### [Records for processing]
++++++

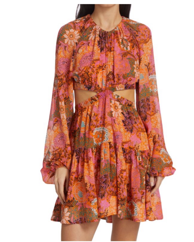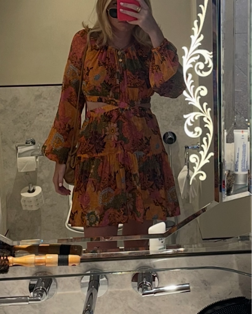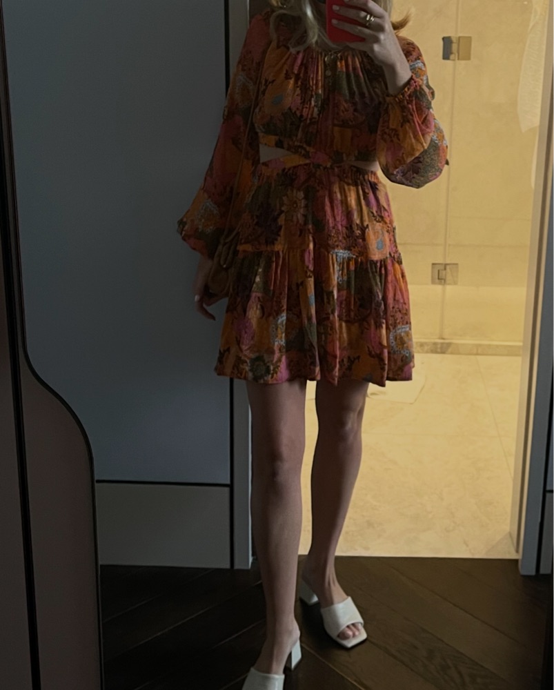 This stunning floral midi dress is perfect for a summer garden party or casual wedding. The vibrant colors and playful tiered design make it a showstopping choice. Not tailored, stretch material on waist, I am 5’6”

++++++

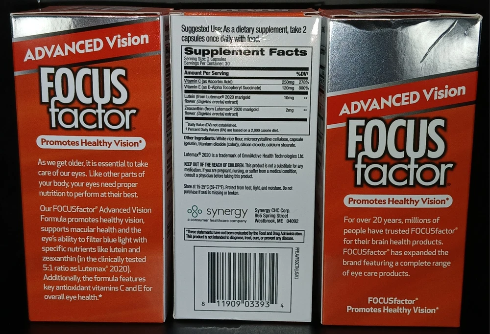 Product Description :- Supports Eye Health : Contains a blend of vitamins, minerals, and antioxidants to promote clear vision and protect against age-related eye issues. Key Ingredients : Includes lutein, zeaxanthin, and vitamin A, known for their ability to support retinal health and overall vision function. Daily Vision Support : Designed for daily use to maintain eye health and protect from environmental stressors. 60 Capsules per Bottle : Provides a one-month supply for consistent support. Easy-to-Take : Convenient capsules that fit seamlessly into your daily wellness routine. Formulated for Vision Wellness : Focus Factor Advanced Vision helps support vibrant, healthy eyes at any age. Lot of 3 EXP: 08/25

++++++

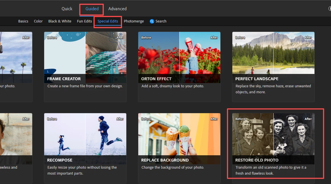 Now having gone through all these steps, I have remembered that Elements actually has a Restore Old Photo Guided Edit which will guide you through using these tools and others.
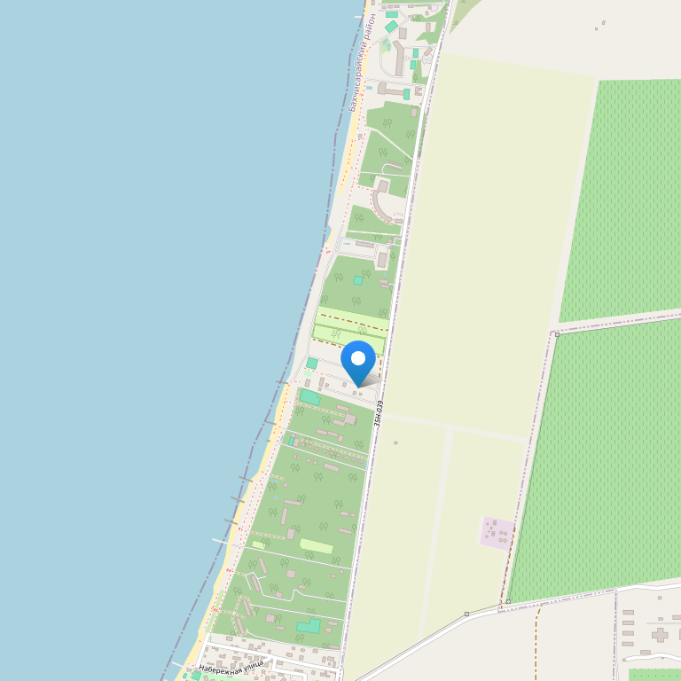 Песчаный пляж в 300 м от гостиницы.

++++++

### [Problem to work on]
What lines above run from the one with "Now having gone" to the one with "Песчаный пляж в 300 м от гостиницы."? Give them again exactly, ends included, and leave the pictures out.

### [Exercise output]
 Now having gone through all these steps, I have remembered that Elements actually has a Restore Old Photo Guided Edit which will guide you through using these tools and others.
 Песчаный пляж в 300 м от гостиницы.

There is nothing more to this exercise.